WHAT YOU HAVE TO DO: From the listing below, restate word for word the lines from the line containing "90*190*90三开门 上下铺通用 全伸缩烤漆支架 | ¥100.00 |" down through the line containing "9月5日,四川省森林消防總隊". Exclude pictures.

RECORDS SHOWN:
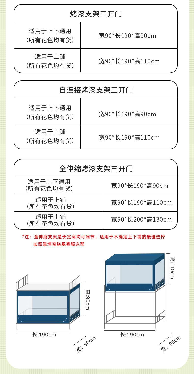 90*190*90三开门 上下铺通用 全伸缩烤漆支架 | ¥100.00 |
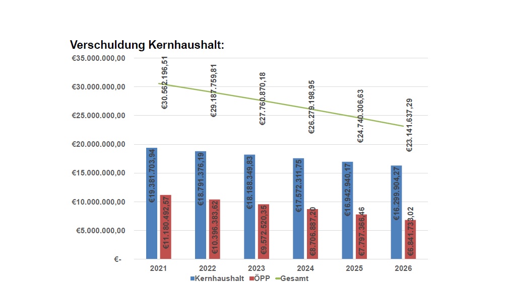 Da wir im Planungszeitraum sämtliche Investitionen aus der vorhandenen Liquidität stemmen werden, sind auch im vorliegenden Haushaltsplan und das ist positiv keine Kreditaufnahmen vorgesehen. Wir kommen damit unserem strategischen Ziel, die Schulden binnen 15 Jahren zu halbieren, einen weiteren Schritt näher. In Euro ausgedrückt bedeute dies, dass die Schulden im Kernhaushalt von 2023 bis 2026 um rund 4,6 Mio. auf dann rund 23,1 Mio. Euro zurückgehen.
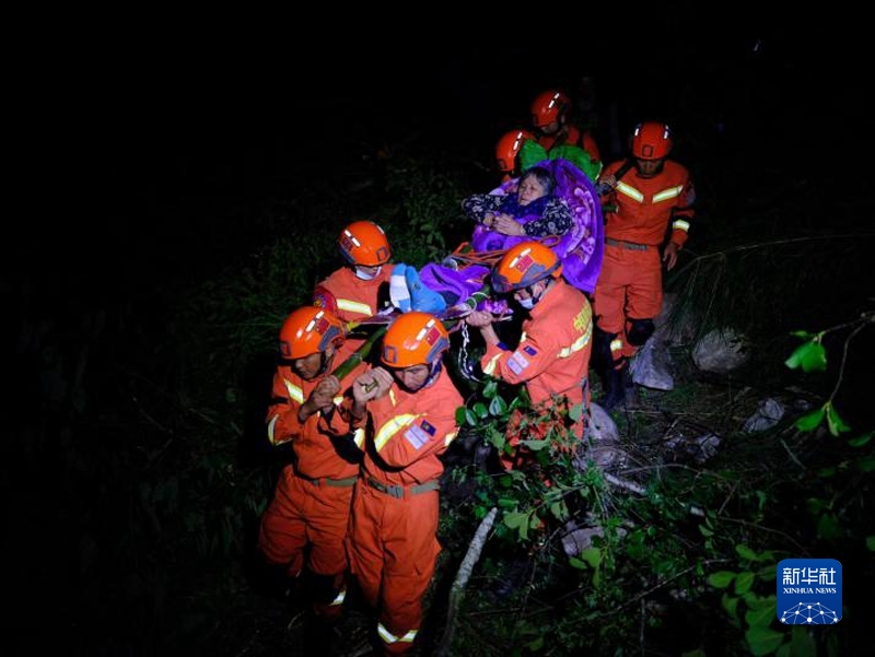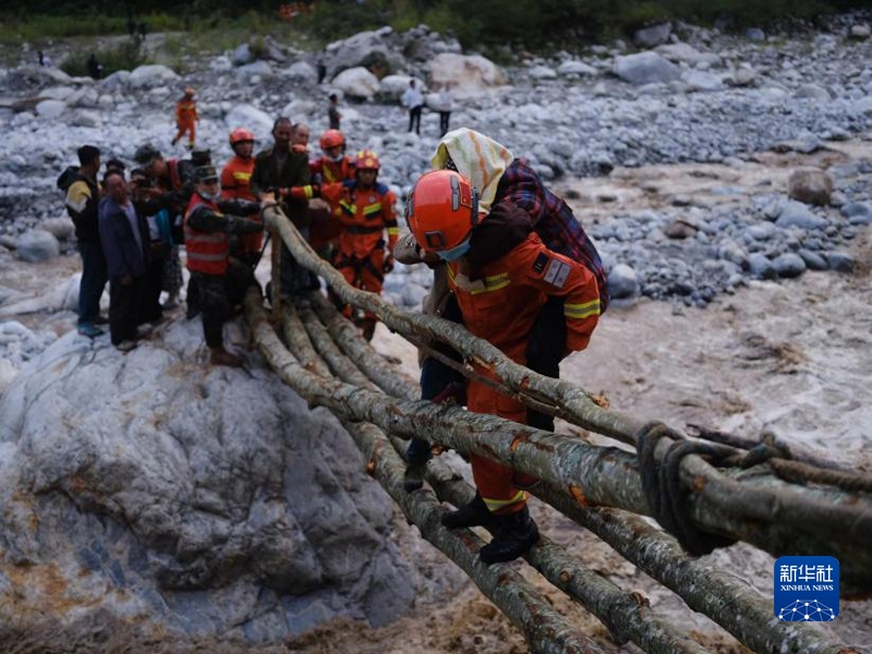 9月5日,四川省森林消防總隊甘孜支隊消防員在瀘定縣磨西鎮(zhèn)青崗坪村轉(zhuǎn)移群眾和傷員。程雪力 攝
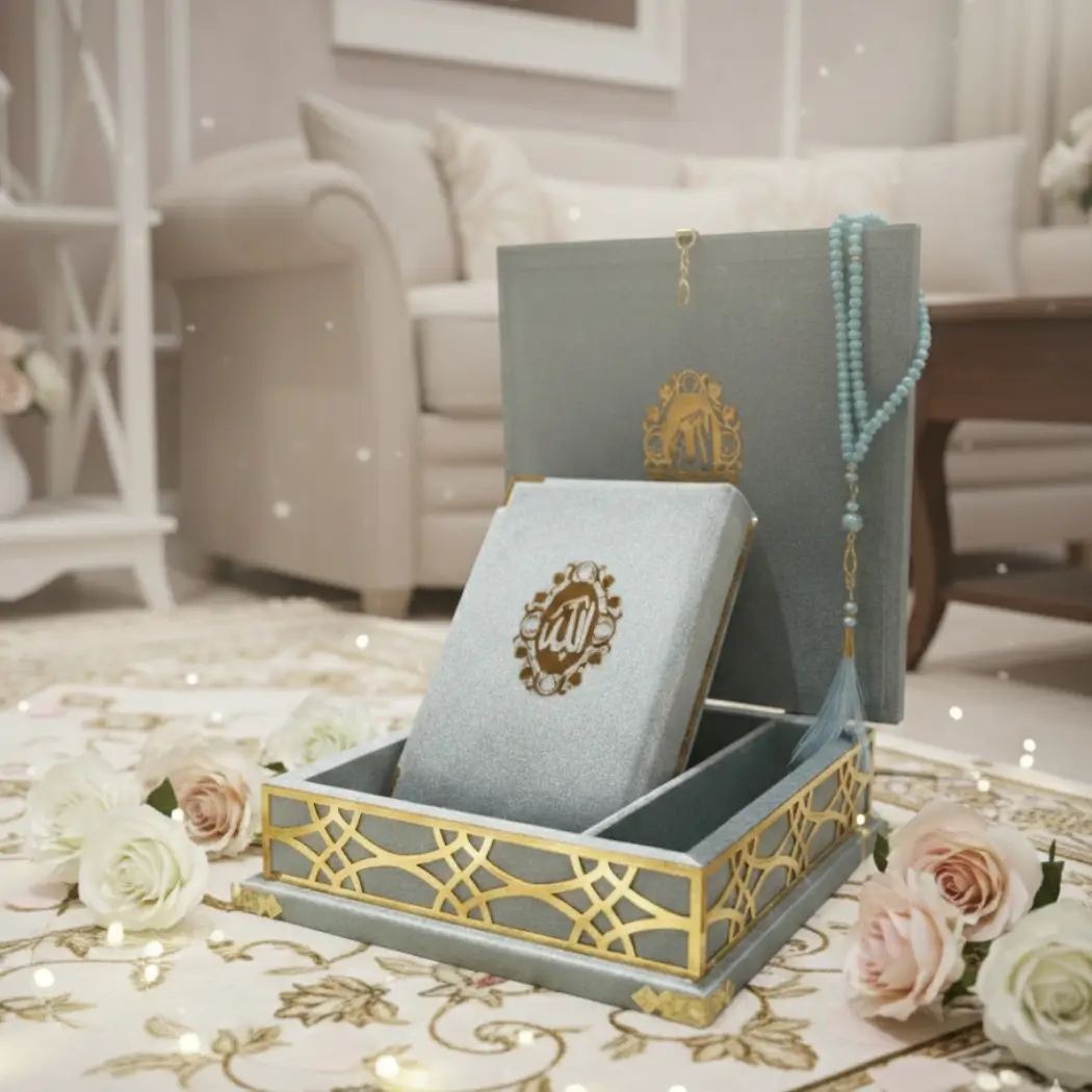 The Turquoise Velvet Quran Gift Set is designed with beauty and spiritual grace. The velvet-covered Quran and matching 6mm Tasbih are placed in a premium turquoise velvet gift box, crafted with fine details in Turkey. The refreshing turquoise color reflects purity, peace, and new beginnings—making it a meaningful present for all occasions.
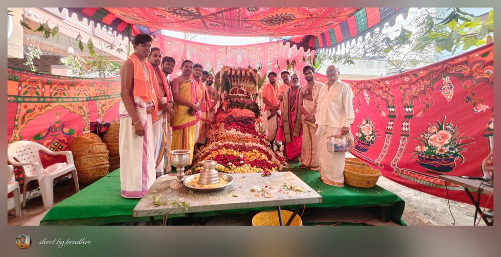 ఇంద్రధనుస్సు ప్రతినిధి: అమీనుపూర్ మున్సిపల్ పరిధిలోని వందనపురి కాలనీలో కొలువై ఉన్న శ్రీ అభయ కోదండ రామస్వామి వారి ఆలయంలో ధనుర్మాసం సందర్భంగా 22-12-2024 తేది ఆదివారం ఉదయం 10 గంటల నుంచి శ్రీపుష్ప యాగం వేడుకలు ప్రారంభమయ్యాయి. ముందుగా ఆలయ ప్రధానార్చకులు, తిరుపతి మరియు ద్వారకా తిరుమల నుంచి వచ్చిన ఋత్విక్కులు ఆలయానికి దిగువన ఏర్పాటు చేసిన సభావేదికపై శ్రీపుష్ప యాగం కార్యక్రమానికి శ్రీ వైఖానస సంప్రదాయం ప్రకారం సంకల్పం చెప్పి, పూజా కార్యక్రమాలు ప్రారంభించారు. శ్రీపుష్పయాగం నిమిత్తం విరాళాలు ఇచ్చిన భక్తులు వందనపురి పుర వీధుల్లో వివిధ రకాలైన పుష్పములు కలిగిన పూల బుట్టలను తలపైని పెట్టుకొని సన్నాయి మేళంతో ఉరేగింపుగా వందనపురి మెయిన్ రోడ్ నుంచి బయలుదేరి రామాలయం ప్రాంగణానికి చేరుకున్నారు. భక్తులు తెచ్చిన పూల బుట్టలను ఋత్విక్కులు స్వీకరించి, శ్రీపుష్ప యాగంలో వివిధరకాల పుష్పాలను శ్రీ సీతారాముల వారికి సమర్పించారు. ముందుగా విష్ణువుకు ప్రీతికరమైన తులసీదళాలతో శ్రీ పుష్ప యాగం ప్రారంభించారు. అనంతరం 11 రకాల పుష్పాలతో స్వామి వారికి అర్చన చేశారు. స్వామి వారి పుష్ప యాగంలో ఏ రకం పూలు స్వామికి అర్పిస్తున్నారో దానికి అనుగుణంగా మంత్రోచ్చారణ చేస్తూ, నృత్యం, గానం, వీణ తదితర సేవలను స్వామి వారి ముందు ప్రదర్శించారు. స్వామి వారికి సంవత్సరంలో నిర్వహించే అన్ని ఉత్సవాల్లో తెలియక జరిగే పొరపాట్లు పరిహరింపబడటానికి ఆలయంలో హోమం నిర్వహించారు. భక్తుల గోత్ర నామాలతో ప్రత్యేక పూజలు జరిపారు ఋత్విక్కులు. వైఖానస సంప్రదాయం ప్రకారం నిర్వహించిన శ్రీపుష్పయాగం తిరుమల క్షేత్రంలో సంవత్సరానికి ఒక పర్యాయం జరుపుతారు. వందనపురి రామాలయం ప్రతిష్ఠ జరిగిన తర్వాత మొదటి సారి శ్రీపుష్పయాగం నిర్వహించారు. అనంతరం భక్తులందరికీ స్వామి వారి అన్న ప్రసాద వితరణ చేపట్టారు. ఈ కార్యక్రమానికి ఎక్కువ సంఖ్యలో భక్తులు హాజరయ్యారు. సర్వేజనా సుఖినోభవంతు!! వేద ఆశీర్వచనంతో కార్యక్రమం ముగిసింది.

--

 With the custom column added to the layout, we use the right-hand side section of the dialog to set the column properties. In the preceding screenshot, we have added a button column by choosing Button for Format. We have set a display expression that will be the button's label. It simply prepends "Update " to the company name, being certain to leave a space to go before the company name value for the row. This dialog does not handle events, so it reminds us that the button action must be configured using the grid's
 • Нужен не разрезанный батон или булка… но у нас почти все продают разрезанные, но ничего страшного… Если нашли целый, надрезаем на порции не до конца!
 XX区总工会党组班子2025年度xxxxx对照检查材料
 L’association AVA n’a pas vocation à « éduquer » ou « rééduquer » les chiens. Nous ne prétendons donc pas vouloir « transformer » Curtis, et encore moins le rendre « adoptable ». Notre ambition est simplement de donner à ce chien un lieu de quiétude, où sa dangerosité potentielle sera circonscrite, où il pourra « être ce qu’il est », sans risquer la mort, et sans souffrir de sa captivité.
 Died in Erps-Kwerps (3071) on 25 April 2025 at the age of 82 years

---

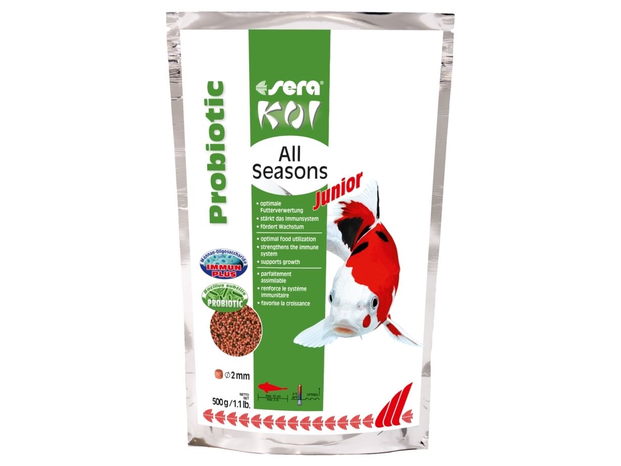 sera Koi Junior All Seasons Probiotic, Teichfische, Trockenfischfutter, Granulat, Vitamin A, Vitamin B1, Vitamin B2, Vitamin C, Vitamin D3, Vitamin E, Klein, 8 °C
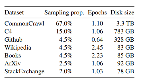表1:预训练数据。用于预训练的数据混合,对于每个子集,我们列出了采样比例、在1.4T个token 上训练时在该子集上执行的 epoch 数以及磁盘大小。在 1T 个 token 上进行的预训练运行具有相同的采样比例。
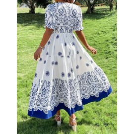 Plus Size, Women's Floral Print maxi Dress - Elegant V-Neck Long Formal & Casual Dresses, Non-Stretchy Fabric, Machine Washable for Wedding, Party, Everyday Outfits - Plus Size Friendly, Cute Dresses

WRITTEN ANSWER:
 90*190*90三开门 上下铺通用 全伸缩烤漆支架 | ¥100.00 |
 Da wir im Planungszeitraum sämtliche Investitionen aus der vorhandenen Liquidität stemmen werden, sind auch im vorliegenden Haushaltsplan und das ist positiv keine Kreditaufnahmen vorgesehen. Wir kommen damit unserem strategischen Ziel, die Schulden binnen 15 Jahren zu halbieren, einen weiteren Schritt näher. In Euro ausgedrückt bedeute dies, dass die Schulden im Kernhaushalt von 2023 bis 2026 um rund 4,6 Mio. auf dann rund 23,1 Mio. Euro zurückgehen.
 9月5日,四川省森林消防總隊甘孜支隊消防員在瀘定縣磨西鎮(zhèn)青崗坪村轉(zhuǎn)移群眾和傷員。程雪力 攝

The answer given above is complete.